21.032858435297882 12 0.0499013559023993 Reject the Null Hypothesis

Help needed : Please let me know why the output is incorrect

I have some suggestions here that might help:

https://machinelearningmastery.com/faq/single-faq/why-does-the-code-in-the-tutorial-not-work-for-me

Your table indicates that for the “Single” road the values are 18,36,21,9,6

and for your code you have 18,*31*,21…

That 31 should be 36

Thanks for sharing.

Thank you for the clear explanations.

In the text you say: “The variable is ‘sex‘ and the labels or factors of the variable are ‘male‘ and ‘female‘ in this case.”

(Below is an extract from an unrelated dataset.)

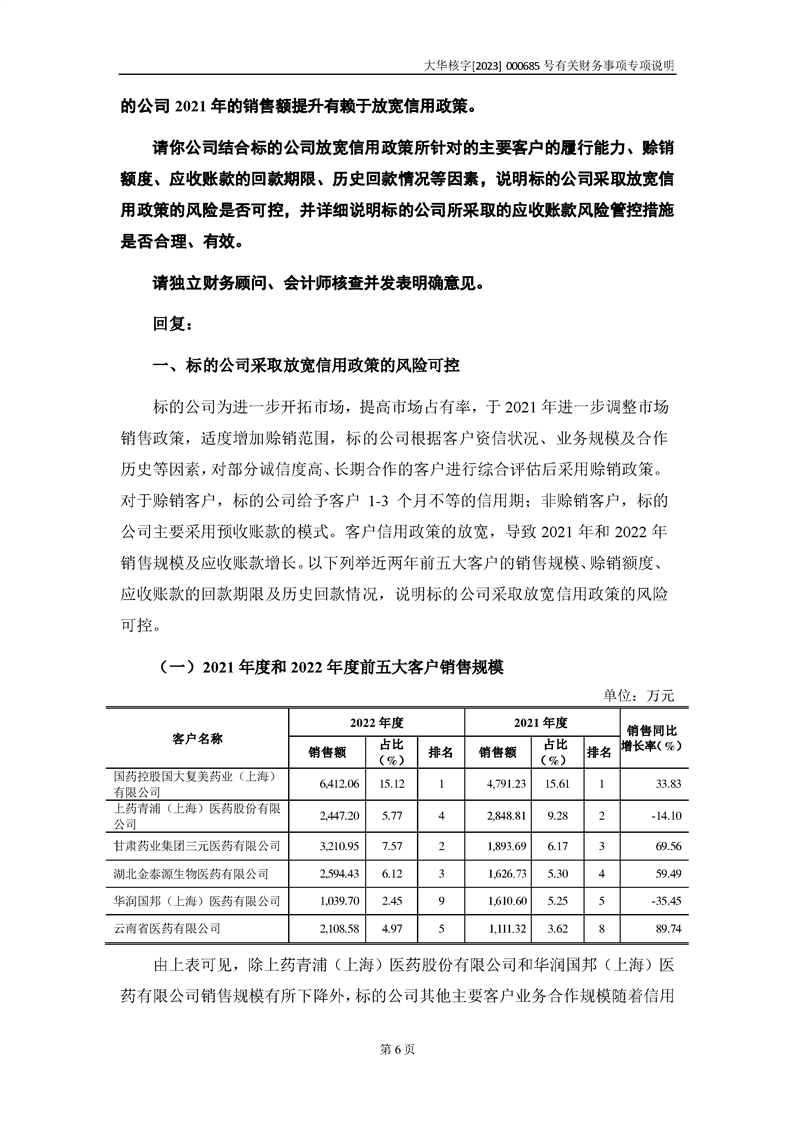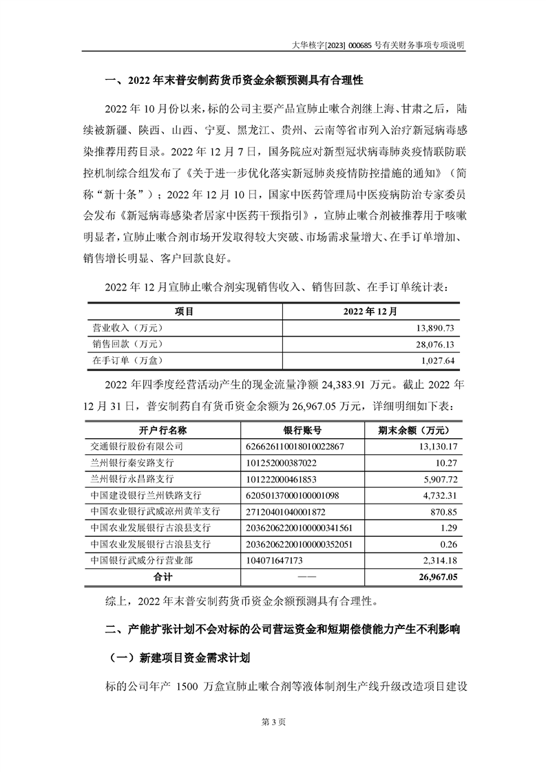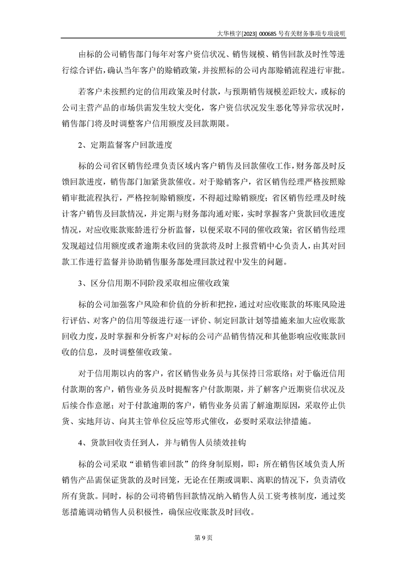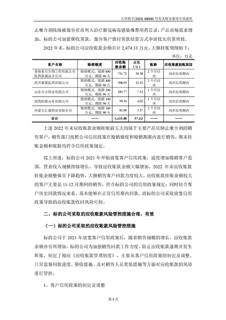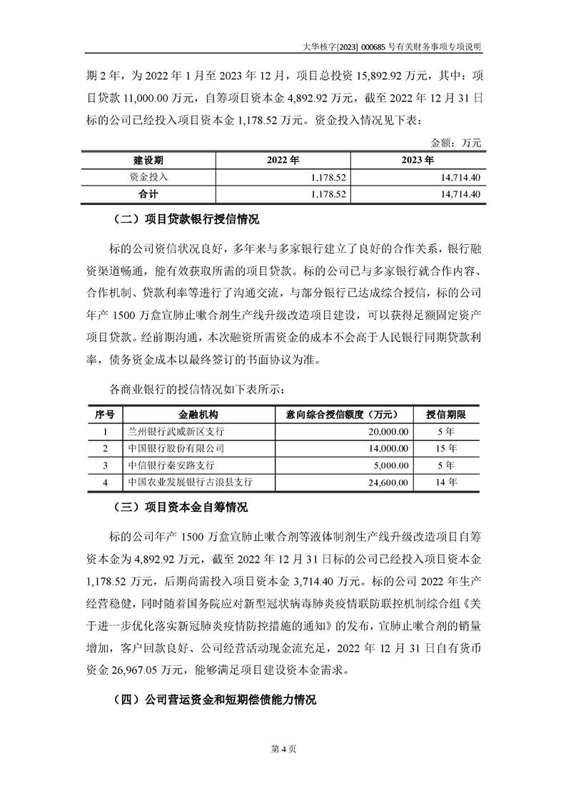 大華會計師事務所關于深圳證券交易所對甘肅隴神戎發藥業股份有限公司的重組問詢函中有關財務事項的專項說明-大華核字[2023]000685號

Don’t you mean: “The variable or factor is ‘sex‘ and the labels or levels of the variable are ‘male‘ and ‘female‘ in this case.”

ref: https://stattrek.com/statistics/dictionary.aspx?definition=factor

Yes, you’re right. Fixed, thanks.

Thanks Jason. Good read it is.

You’re welcome.

Great tutorial, thanks!

I’m wondering how to do chi2 test where survey respondents could select multiple answers.

For example: which OS do you use? A) Windows B) Linux C)Mac

Results: 1000 people take the survey, 500 say windows, 400 say Mac and 200 say linux. Total is greater than the number of respondents.

Can I compare windows and mac by creating the following contingency table and running the test?

OS, Not OS

Mac 400, 600

Windows 500, 500

Good question, I’m not sure off the cuff when it comes to multiple answers. It messes up the contingency table.

You might have to hit the books or ping a statistician / post on crossvalidated.

Hi Jason,

Very nice article, clearly explained the Chi2 test. I have one question to ask. When reading the sklearn feature selection using the Chi2 test here: https://scikit-learn.org/stable/modules/feature_selection.html, I am confused by the example, in which the Iris data is used to demo the Chi 2 test on non categorical data, which is not even frequency or count. Is it wrong?

Probably.

A very clearly written article.

Thank you!

Hi Jason,

Does chi-square test work well on independent variables of an imbalanced data having bad rate just 1%?

The test requires at least 20 examples in each cell of the contingency table I believe.